Most of us are guilty of assuming a lot when we write an article for Pinstripe Alley. Since I joined here in 2009 sabermetrics have reigned supreme, which required a bit of learning for someone who had never really tried to analyze baseball before. There are a lot of acronyms that get thrown around in articles on the site that may not be immediately obvious to people who are just finding themselves learning about sabermetrics, advanced stats, baseball, whatever. Sure, we could just say to Google it, but I figured having a resource on the site to point to when people were confused may be more helpful after a few requests lately. So here we are. Feel free to add any you may think of in the comments below.
BABIP: Batting Average on Balls In Play
Around 30% of batted balls fall in for hits. This can be used for pitchers or hitters to determine whether Lady Luck is being kind or cruel to a player. Sometimes a ball is hit right on the nose but right at a well-placed defender. Sometimes a ball is blooped into no man's land and looks like a line drive in the box score. Sometimes a ball is hit three steps to the left of a 40-year-old shortstop and goes for a hit when at least 20 other shortstops would likely be able to make the play. BABIP helps sort all that out.
DRS: Defensive Runs Saved
A metric that shows how above or below average a player is at saving runs defensively. No one defensive metric is going to paint a perfect picture, if you believe in defensive metrics at all. Fangraphs claims you need three years of defensive data and a combination of different metrics like DRS and UZR (Ultimate Zone Rating) to draw real conclusions.
FIP: Fielding Independent Pitching
An idealistic statistic of what a pitcher's ERA should have been. FIP can be used to determine that a pitcher is due for regression one way or another if they are getting particularly lucky/unlucky.
GO/AO: Ground out/Air out
This one is used frequently in the minors recap to show what kind of results a pitcher got. How many ground ball outs (GO) did they get vs. outs via the air (AO).
WAR: Wins Above Replacement
This is going to be the big one, and there are two different kinds. Fangraphs WAR (fWAR) and Baseball-Reference WAR (rWAR) differ slightly in their calculation, but it's nice to see how each grades out a player and how closely they agree. Basically the goal is to figure out how much more valuable Player X is than an average replacement. Mike Trout is a superstar, so the Angels would lose a lot replacing him with some kid from their Triple-A team. If Francisco Cervelli got hurt the Yankees could basically replace him with John Ryan Murphy and not be much worse off, if at all.

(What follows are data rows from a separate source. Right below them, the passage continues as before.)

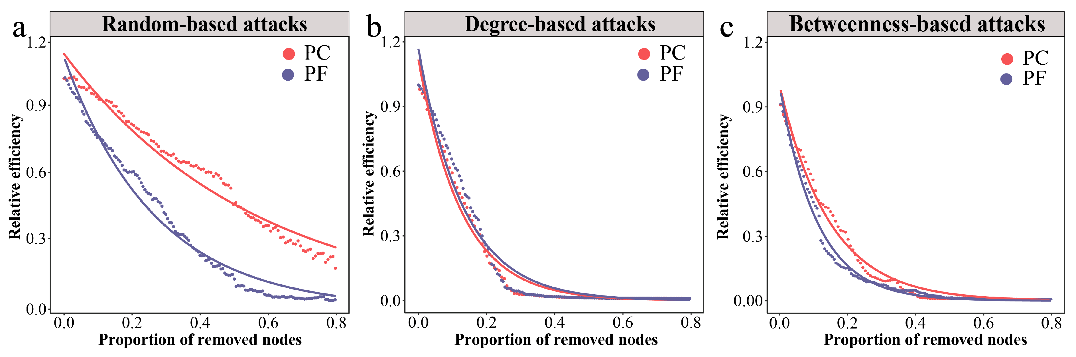 Figure 3. Dynamics of relative global efficiency in bacterial networks under different attacks. (a) Changes in relative global efficiency under random-based attacks. (b) Changes in relative global efficiency under degree-based attacks. (c) Changes in relative global efficiency under betweenness-based attacks. Larger shifts upon the same proportion indicate that there is less stability within subgraph types.
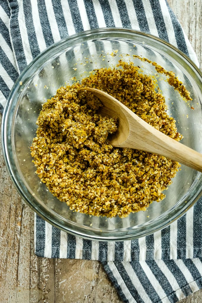 - Add the onion and walnut mixture to the bowl with the flaxseed meal and water. Add the nutritional yeast, basil, oregano, salt, and pepper, and stir to combine well. The mixture will seem like it’s not going to stick together, but you should be able to form it into balls.
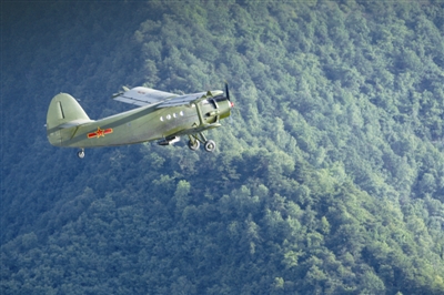 | 经过多年的飞播,西北地区生态环境得到极大地改善。图为运-5飞机飞越秦岭播区,察看飞播成果。(资料图片) |
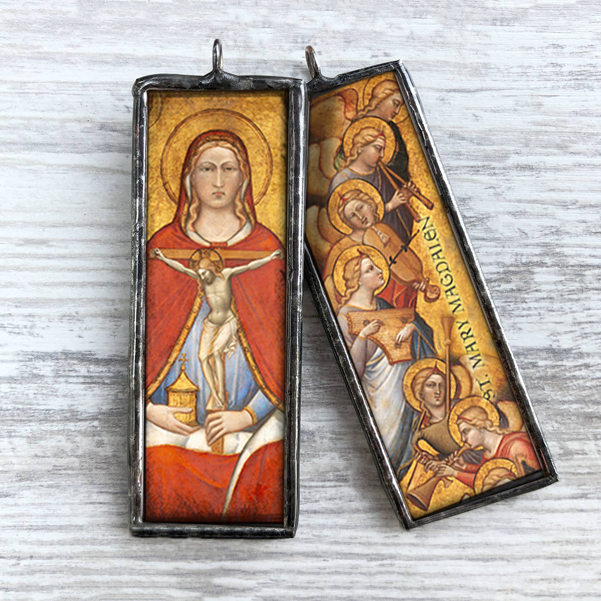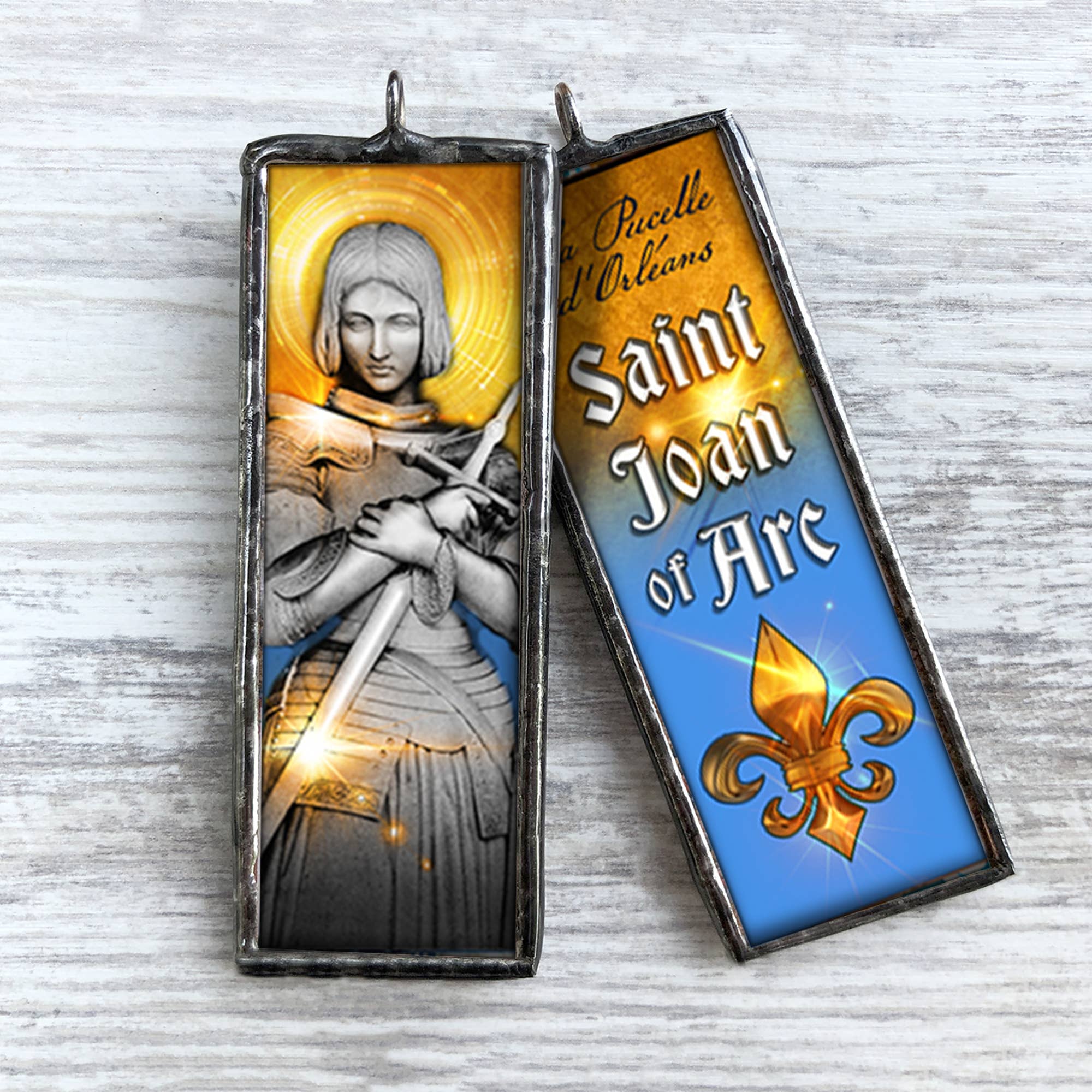 Chaque ornement fabriqué aux États-Unis est fabriqué à la main dans notre studio d'art de Hershey, en Pennsylvanie, en utilisant des techniques développées par les artisans du vitrail Tiffany dans les années 1880. Fabriqués avec une attention particulière aux détails, ces ornements deviendront à coup sûr des objets de famille et constitueront de merveilleux cadeaux. Les matériaux comprennent de la soudure sans plomb, du verre, du papier et des cordons/rubans suspendus. Chaque ornement double face mesure un pouce de large sur trois pouces de haut et comprend un cordon ou un ruban. La division des studios d'art du détaillant Homestyle Charlie crée de magnifiques ornements et breloques faits à la main. Notre catalogue actuel comprend trois lignes d'ornements anciens : courtepointes traditionnelles, fées et saints et icônes. La gamme Traditional Quilt a été notre ornement le plus vendu au détail la saison dernière. #1 Comme l'assortiment s'est révélé très facile à collectionner parmi la douzaine de modèles différents proposés, les clients de détail les ont achetés en multiples.

WHIP: Walks + Hits per Innings Pitched
Self explanatory, right? How many people is Pitcher X putting on base?
wOBA: Weighted On Base Average
Here is Fangraphs' explanation of wOBA:
wOBA is based on a simple concept: Not all hits are created equal. Batting average assumes that they are. On-base percentage does too, but does one better by including other ways of reaching base. Slugging percentage weights hits, but not accurately (Is a double worth twice as much as a single? In short, no). On-base plus slugging (OPS) does attempt to combine the different aspects of hitting into one metric, but it assumes that one percentage point of SLG is the same as that of OBP. In reality, a handy estimate is that OBP is around twice as valuable than SLG (the exact ratio is x1.8).
Weighted On-Base Average combines all the different aspects of hitting into one metric, weighting each of them in proportion to their actual run value. While batting average, on-base percentage, and slugging percentage fall short in accuracy and scope, wOBA measures and captures offensive value more accurately and comprehensively.

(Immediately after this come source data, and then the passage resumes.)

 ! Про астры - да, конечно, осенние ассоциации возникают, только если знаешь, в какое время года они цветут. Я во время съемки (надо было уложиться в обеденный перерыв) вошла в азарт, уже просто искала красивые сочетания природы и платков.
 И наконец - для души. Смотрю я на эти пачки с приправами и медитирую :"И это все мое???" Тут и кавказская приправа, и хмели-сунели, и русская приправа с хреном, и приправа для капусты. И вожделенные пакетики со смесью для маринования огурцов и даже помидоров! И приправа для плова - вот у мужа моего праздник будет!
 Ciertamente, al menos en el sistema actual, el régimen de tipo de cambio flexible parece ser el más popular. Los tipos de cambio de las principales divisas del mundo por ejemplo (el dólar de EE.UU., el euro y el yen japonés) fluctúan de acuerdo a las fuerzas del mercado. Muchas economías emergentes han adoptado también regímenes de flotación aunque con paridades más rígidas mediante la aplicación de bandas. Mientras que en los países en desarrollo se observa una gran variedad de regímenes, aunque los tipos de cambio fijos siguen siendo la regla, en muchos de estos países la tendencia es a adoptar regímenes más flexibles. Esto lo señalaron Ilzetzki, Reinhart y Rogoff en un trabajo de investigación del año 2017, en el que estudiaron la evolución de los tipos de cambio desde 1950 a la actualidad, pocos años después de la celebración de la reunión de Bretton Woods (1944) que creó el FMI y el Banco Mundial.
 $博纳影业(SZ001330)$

WPA: Win Probability Added
Measuring outcomes on a play-by-play basis. A home run in the bottom of the ninth in a tie game will swing WPA much more than a double in fifth inning of a six-run game. WPA adds context to the outcomes to determine how much they helped or hurt the team's win expectancy.
wRC+: Weighted Runs Created Plus
This statistic is often used in our analysis here to discuss the offensive output of a player. How good is Player X at creating runs compared to the league? The plus on the end means that it has been league-adjusted. Anything under 100 means below league average and anything above 100 means above league average. A 110 wRC+ is 10% better than league average, and so on.